Wednesday, 26 July 2017

And the LORD said to me, “Throw it to the potter”—the handsome price at which they valued me! So I took the thirty pieces of silver and threw them to the potter at the house of the LORD. – Zechariah 11:13


Today’s Scripture Reading (July 26, 2017): Zechariah 11

I am a bargain hunter. Okay, not really. I hate shopping (unless it is for books – it is dangerous to leave me in a used bookstore for very long.) I don’t hunt for bargains. Maybe I am just cheap. I don’t easily part with my money.

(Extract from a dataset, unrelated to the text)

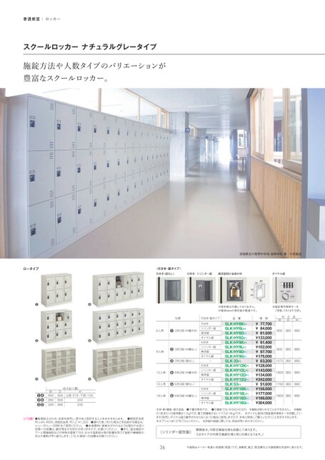 普通教室|ロッカースクールロッカーナチュラルグレータイプ施錠方法や人数タイプのバリエーションが豊富なスクールロッカー。ロータイプ〈引き手・錠タイプ〉引き手(錠なし)引き手・シリンダー錠南京錠掛け金具付きダイヤル錠宮城県古川黎明中学校・高等学校様※別製品φ515184030※南京錠は付属しておりません。※幅30mmの南京錠が最適です。※暗証番号検索キーをご用意しております(別売)。仕様引き手・錠タイプ品番価格❶❷❸❹❻❺W260260328D359359368❶❹❷❻❸❺内寸法(1扉)H上段/219・下段/133240235〈ご注意〉●転倒防止のため、金具を使用し、壁や床と固定することをおすすめします。●壁固定金具PE-L4N¥895、床固定金具PE-L2¥1,200●濡れた靴、汚れた靴などを収納する場合は、シューズトレー(別売)をご使用ください。●床清掃時に直接水がかかるような場合や水回り空間への設置は、錆が発生する恐れがありますので、お避けください。●また、温浴施設やプール関連施設などの特殊な環境下では、水分や塩素成分等の影響を受けて錠前や機構部の劣化や摩耗が早く進行します。こうした施設への設置はお避けください。6人用❶3列2段(中棚付き)9人用❷3列3段(中棚なし)❸3列3段(扉なし)12人用❹6列2段(中棚付き)15人用❺5列3段(扉なし)18人用❻6列3段(中棚なし)引き手シリンダー錠南京錠ダイヤル錠引き手シリンダー錠南京錠ダイヤル錠-引き手シリンダー錠南京錠ダイヤル錠-引き手シリンダー錠南京錠ダイヤル錠外寸法DHW9003808809003808801070380880180038088017603808801800380880SLK-HY6KF1SLK-HY6LF1SLK-HY6DF1SLK-HY6GF1SLK-HY9KF1SLK-HY9LF1SLK-HY9DF1SLK-HY9GF1SLK-33F1SLK-HY12KF1SLK-HY12LF1SLK-HY12DF1SLK-HY12GF1SLK-53F1SLK-HY18KF1SLK-HY18LF1SLK-HY18DF1SLK-HY18GF177,700¥¥84,00081,500¥¥133,000¥91,400¥102,00097,700¥¥176,000¥63,200¥128,000¥143,000¥134,000¥242,000¥91,600¥156,000¥177,000¥166,000¥304,000本体・扉/鋼板、焼付塗装●下置き専用です。●中棚板寸法/W260×D300※棚板は取り外すことはできません。※棚板の1枚あたりの耐荷重は11kgfです。最下段棚板のない1マスは14kgfです。※ダイヤル錠用の暗証番号検索キーを用意しています(別売)。ダイヤル錠の番号がわからなくなった場合に使用しますので、本体と同時にご購入いただくことをおすすめします。※オプションはP.37をごらんください。※詳細の図面に関しては、別途お問い合わせください。(シリンダー錠別製)開閉表示、内筒交換錠仕様も別製にて承ります。(LKタイプの内筒交換錠仕様と同じ仕様となります。)36※価格はメーカー希望小売価格(税抜)です。消費税、組立・配送費などの諸経費を別途申し受けます。

It is the tension of modern society. We want to pay the least for things that we consume while being paid the most for the jobs that we do. When you stop to think about that, it is counter intuitive. We can’t have it both ways. And if we are honest, we most often feel that the reverse is what is true in our lives. We pay the top price for the things that we buy while receiving only the least that someone can possibly give us as our wage for the things that we do. As a result, we never feel that we can ever get ahead financially.

There is sarcasm in this passage that we miss. The “handsome price” of thirty pieces of silver was the minimum price at which a human life could be valued. Zechariah is not proud of the price that was paid – it simply could not have been any lower. Thirty pieces of silver was the price of a slave. It was the least that could be paid for a human life. The phrase “thirty pieces of silver” catches our imaginations. As Christians, we see in this passage in Zechariah the story of Judas betrayal of Jesus. Jesus was sold for the minimum price. The God of the Heavens and the Earth was sold for the price of a slave.

The apostle Matthew appears to quote from this passage, except that he doesn’t name Zechariah, but instead says that it is from the prophet Jeremiah. “Then what was spoken by Jeremiah the prophet was fulfilled: ‘They took the thirty pieces of silver, the price set on him by the people of Israel, and they used them to buy the potter’s field, as the Lord commanded me’ (Matthew 27:9-10). Scholars have argued for three possible answers to the discrepancy. Maybe this is a copyist error, and at some point, someone who copied the original document of Matthew accidentally substituted Jeremiah for Zechariah. Or it is possible that Zechariah was quoting an unknown teaching of Jeremiah as he tells this story (Zechariah prophesied approximately sixty-five years after Jeremiah). But what makes the most sense is that the book of Zechariah was originally included in the scroll of Jeremiah. So Matthew essentially acknowledges the major author of the scroll on which the prophecy is found, even though the quote came from Zechariah.

But whatever the reason for the discrepancy, we are left with the uncomfortable truth that the price that was paid for Jesus was the absolute minimum. We struck a bargain – and it is a bargain of which I hope that we are not proud.